What to expect — and your procedural options
This is a focused, contempt-and-clock firm whose patterns center on the procedural "hooks" it reuses. The items below describe what the data shows and the procedural tools and rules that correspond to each pattern. They are descriptions of how the process works, not directions about what to do in any case.
- The agenda. They file first in 31 of 43 cases and set the tempo. Where a party is the defendant, pendente lite motions are the mechanism by which that party can place its own requested relief before the court, rather than the case proceeding solely on the moving party's items.
- The contempt pattern. Contempt allegations appear in 42% of their cases. A contempt motion turns on proof of non-compliance; contemporaneous documentation of compliance with each order — payments, exchanges, communications — is what a court weighs against such a motion. A contempt motion that fails on the documents affects the moving party's credibility with the bench it appears before regularly.
- The fee pattern. Counsel-fee requests appear in 42% of cases, frequently paired with contempt. In Connecticut, fee awards turn on need and litigation conduct (C.G.S. §46b-62). A party's own motion and continuance activity is part of the litigation-conduct record that bears on which side's costs the statute reaches.
- The clock. Continuances appear in 54% of cases — the firm's single most common motion (23 of them). Continuances can be opposed on the record. A Motion to Advance is the procedural tool a party may use to ask the court to hear a matter sooner.
- Decided motions. Only 32 motions in the whole sample reached a recorded outcome, and the firm prevailed in 88% of those. The takeaway from the data is that decided motions carry disproportionate weight in a sample this small — a single denial sits in a small decided-motion pool. Completeness and documentation are the features of motions that survive to a favorable decision.

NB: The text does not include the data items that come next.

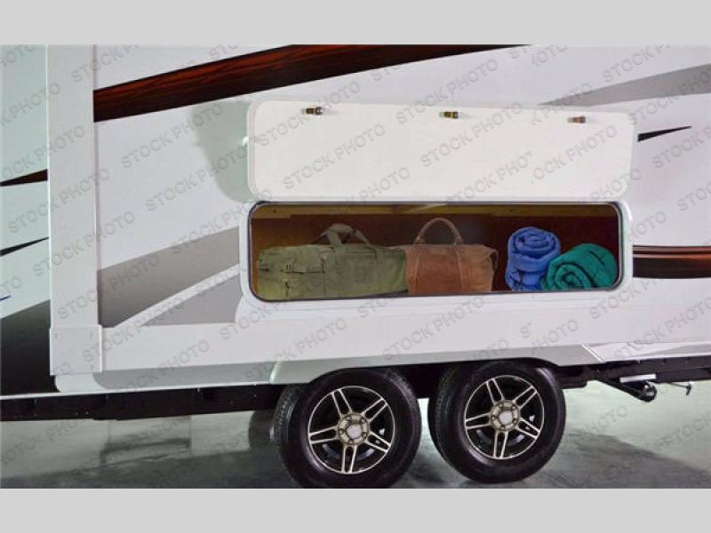 There is a large slide out u-shaped dinette which will easily seat everyone comfortably. An entertainment center has been placed so that it faces the entire living space so no matter where you are at, in the large u-shaped dinette slide, laying in bed, or on the sofa bed if you chose it, you would have a great spot to enjoy the optional TV.
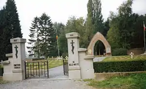 This military cemetery contains the graves of 4,057 French soldiers, the largest concentration of French graves on Belgian soil. In the centre of the cemetery is an arch in the gothic style and inside the arch is a bronze relief by Élie Le Goff depicting the profile of Ernest Cotelle whose sons Georges and Henri gave their lives in the 1914-1918 war and are buried here at Belle-Motte. From 1919 to 1934, Professor Cotelle had given lectures at Belle-Motte.[24]
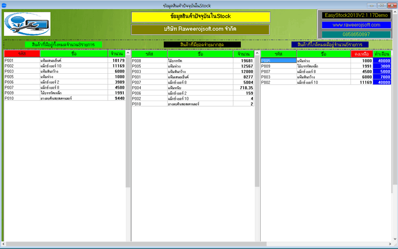 เมื่อกดคลิกเข้ามาที่ตัวโปรแกรมนี้แล้วจะพบกับหน้าต่างโปรแกรมแบบนี้ โดยในส่วนกลางจะแสดงถึงข้อมูลสินค้าในสต๊อกที่แบ่งออกมาเป็น สินค้าทั้งหมด, สินค้าที่มียอดจำหน่ายมากสุด และสินค้าที่ใกล้หมด

- The merits. This firm's model leans on procedure — continuances, contempt, fee pressure. A short, documented, merits-focused record is the counterweight to a procedure-heavy approach; the substantive questions (custody, support, division) are where filing volume and clock management matter least.
Methodology & limits
Computed from public CT Judicial Branch docket entries and party rosters (parties → filing-side attribution → motion/outcome tally). "Win rate" = Granted ÷ (Granted + Denied) on the firm's own filed motions where the docket records an outcome; many entries record no outcome and are excluded. Marker counts use keyword matching on docket event descriptions and may include related sub-types. Firm-name aggregation follows the docket's recorded firm name (the source truncates long names). Patterns reflect aggregate history, not the conduct of any one attorney or the merits of any one case.